▶ [BRIEF] All lines below between the line with "Advertising text promoting" and the line with "トータルリペアFCでは、リペ", including both, must be copied exactly, and the pictures must be omitted.

▶ [Items from a dataset]

******************************

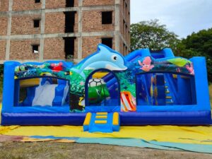 大きなサメやタコのほかに、海の生き物たちのオブジェがいっぱいの超巨大なエア遊具です。
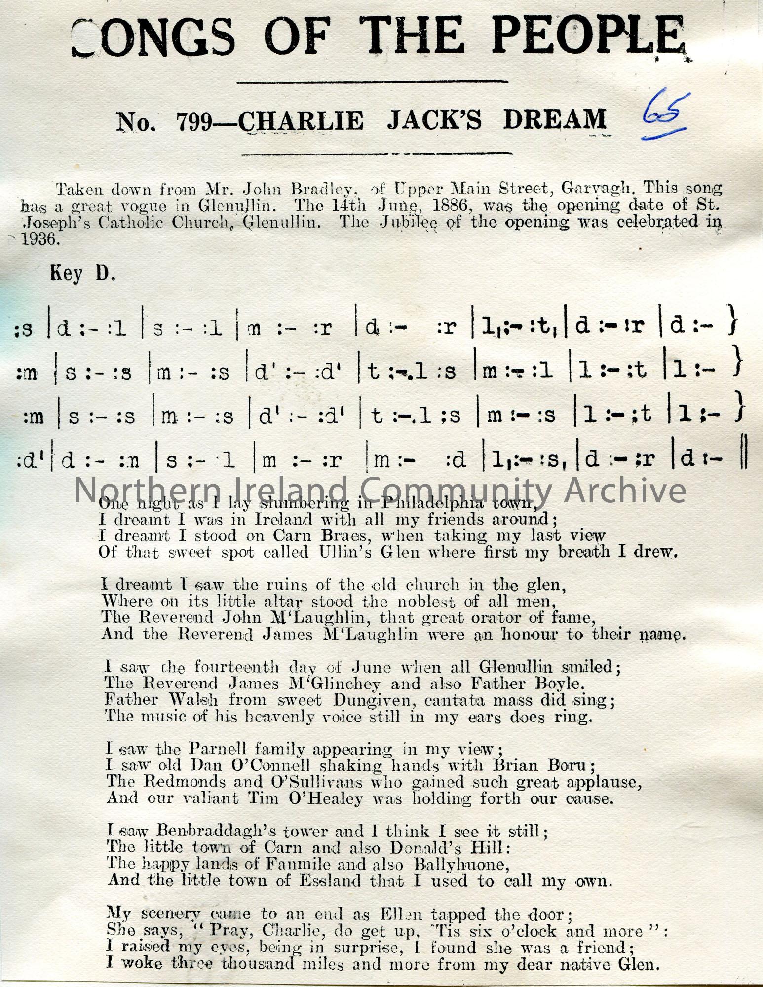 Songs of the People article of a tonic sol-fa notation and words to song titled, 'No. 799 - Charlie Jack's Dream'. 'Taken down from Mr John Bradley, Upper Main Street, Garvagh. This song has a great vogue in Glenullin.'
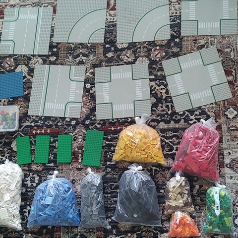 LEGO byggklossar och tillbehör i olika former, färger och storlekar. Innehåller ett varierat urval av bitar inklusive fordon, basplattor och andra delar. 17 kg.
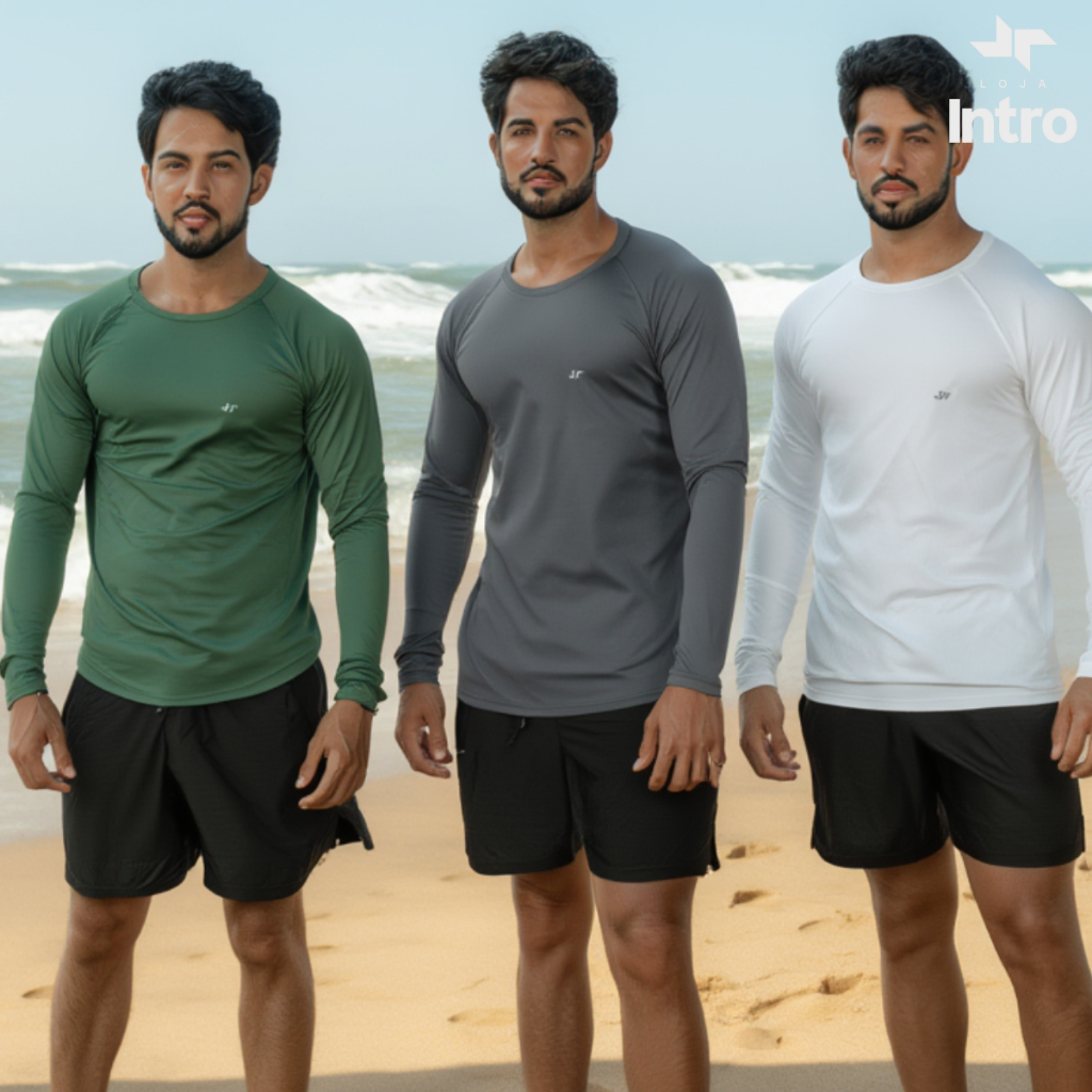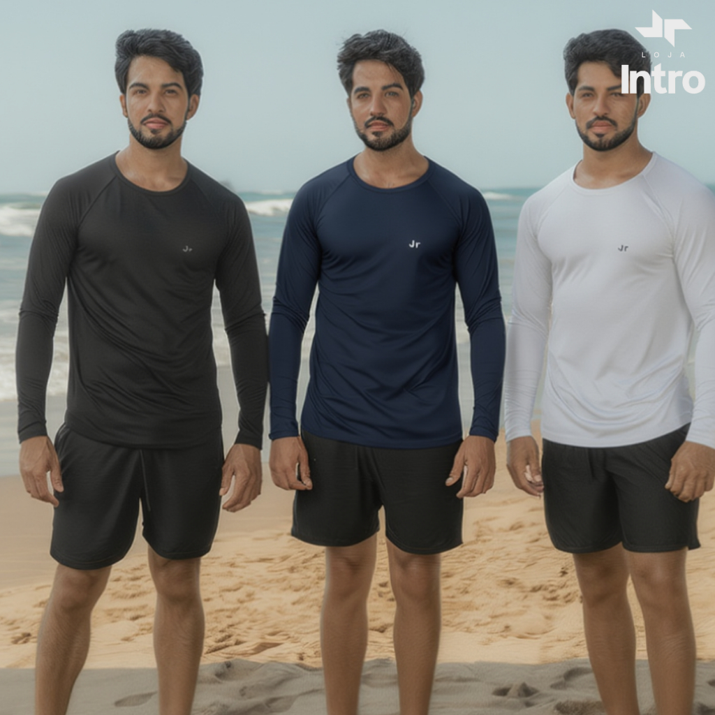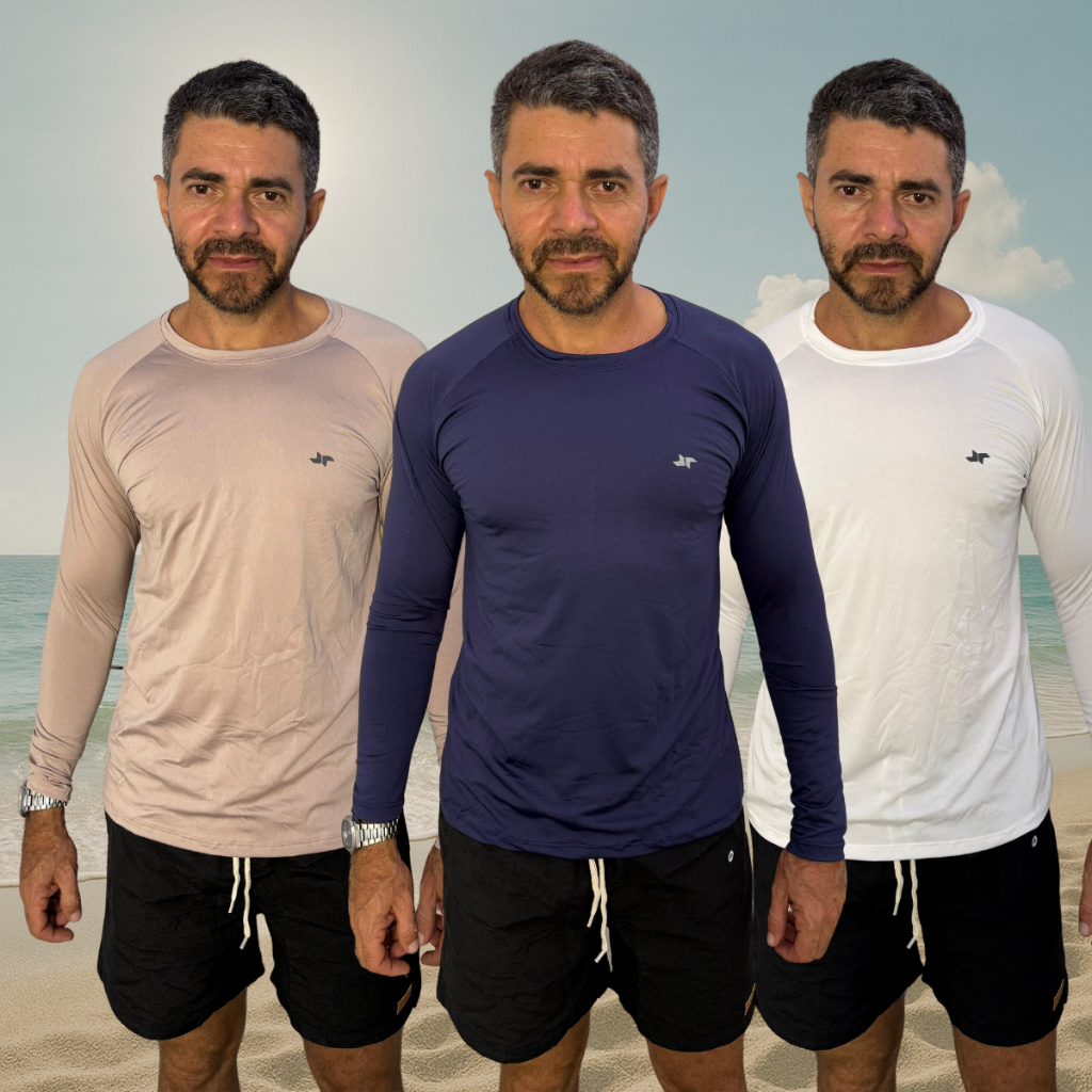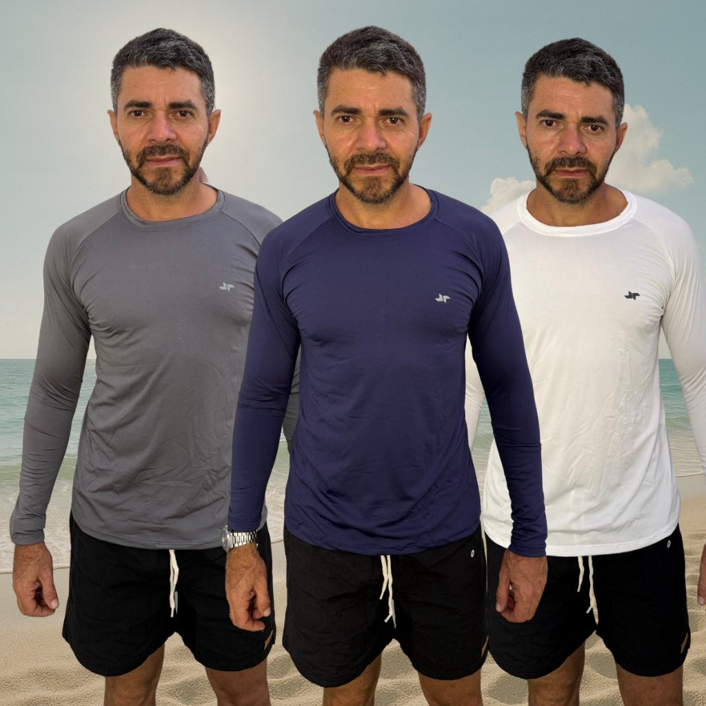 Kit 3 Camisa Térmica Proteção Uv 50+ Camiseta Blusa Malha Fria Unissex Academia Manga Longa Praia
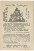 Advertising text promoting essences of meat (beef, mutton, and chicken) for invalids, dyspeptics, infants, in cases of sea sickness and after child-birth printed on verso with the London Manufacturing Company's trademark symbol.
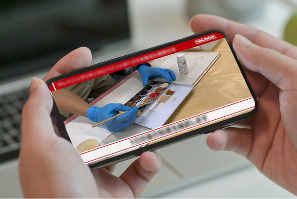 トータルリペアFCでは、リペア専門家監修のオリジナル映像教材が24時間閲覧可能。技術的な疑問から営業ノウハウまで、現場での困りごとをその場で確認できます。
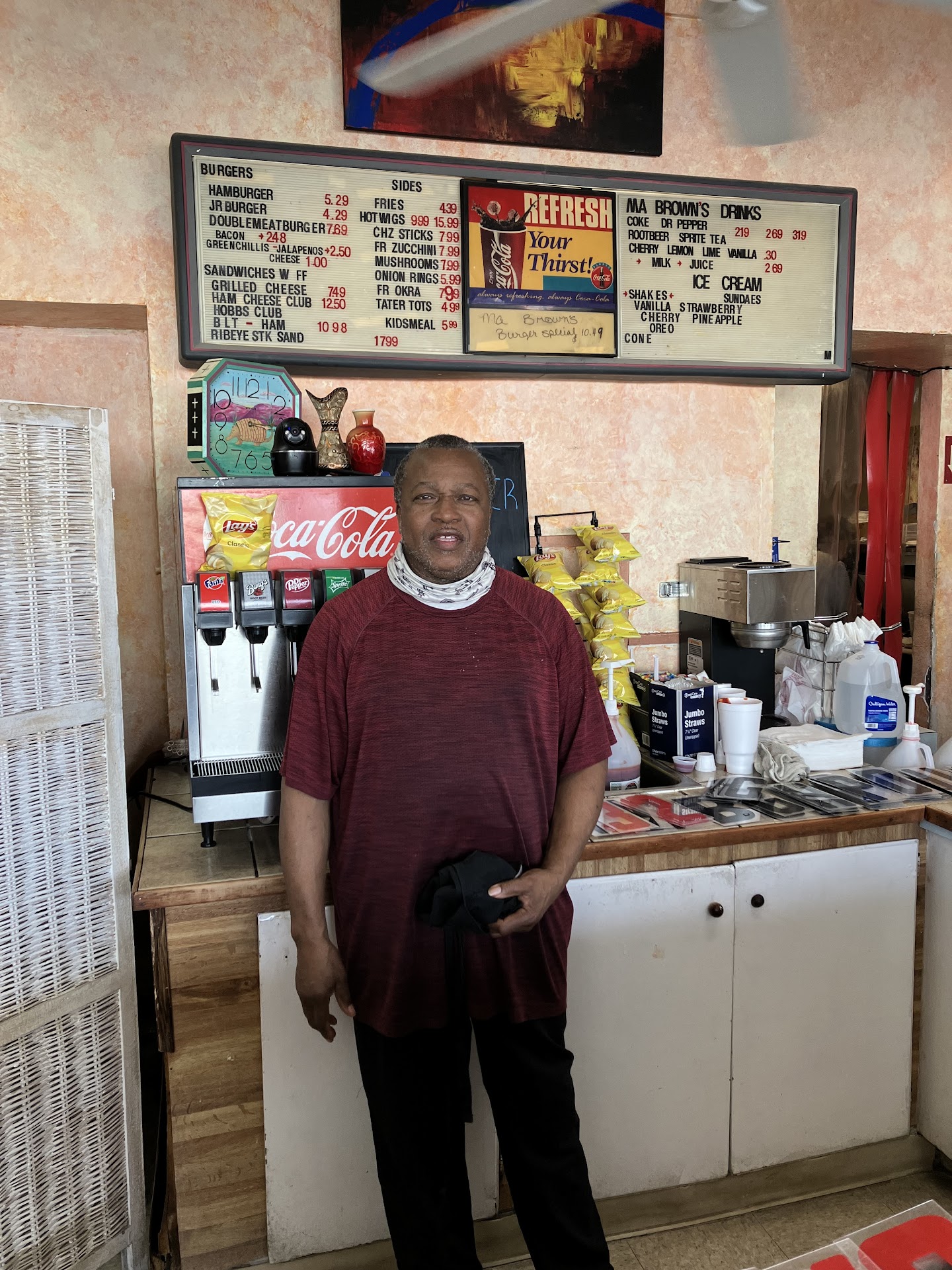 I was born in Hobbs, but moved away very young. My parents who lived here from the 50s to the 70s always talked about Ma Browns and how she had the best burgers. I've had bad and good burgers, but this is a great burger. The patty is hand-formed. You could smell the real meat cooking while waiting on order. The wait was long but that usually means fresh and it was worth it. The burger and fries were hot. The chocolate shake was one of the best I've ever had. The man, whom I take to be the owner, Ronnie, took my order asking me just how I wanted it made and did the cooking. Friendly without the usual scowl of chain places. Fast-food places even the ones who claim their food is fresh and real burgers need to look Ma Browns up and find out what a real old-fashioned hamburger is. I'm glad I listened to my parents and...

******************************

▶ [ANSWER BELOW]
 Advertising text promoting essences of meat (beef, mutton, and chicken) for invalids, dyspeptics, infants, in cases of sea sickness and after child-birth printed on verso with the London Manufacturing Company's trademark symbol.
 トータルリペアFCでは、リペア専門家監修のオリジナル映像教材が24時間閲覧可能。技術的な疑問から営業ノウハウまで、現場での困りごとをその場で確認できます。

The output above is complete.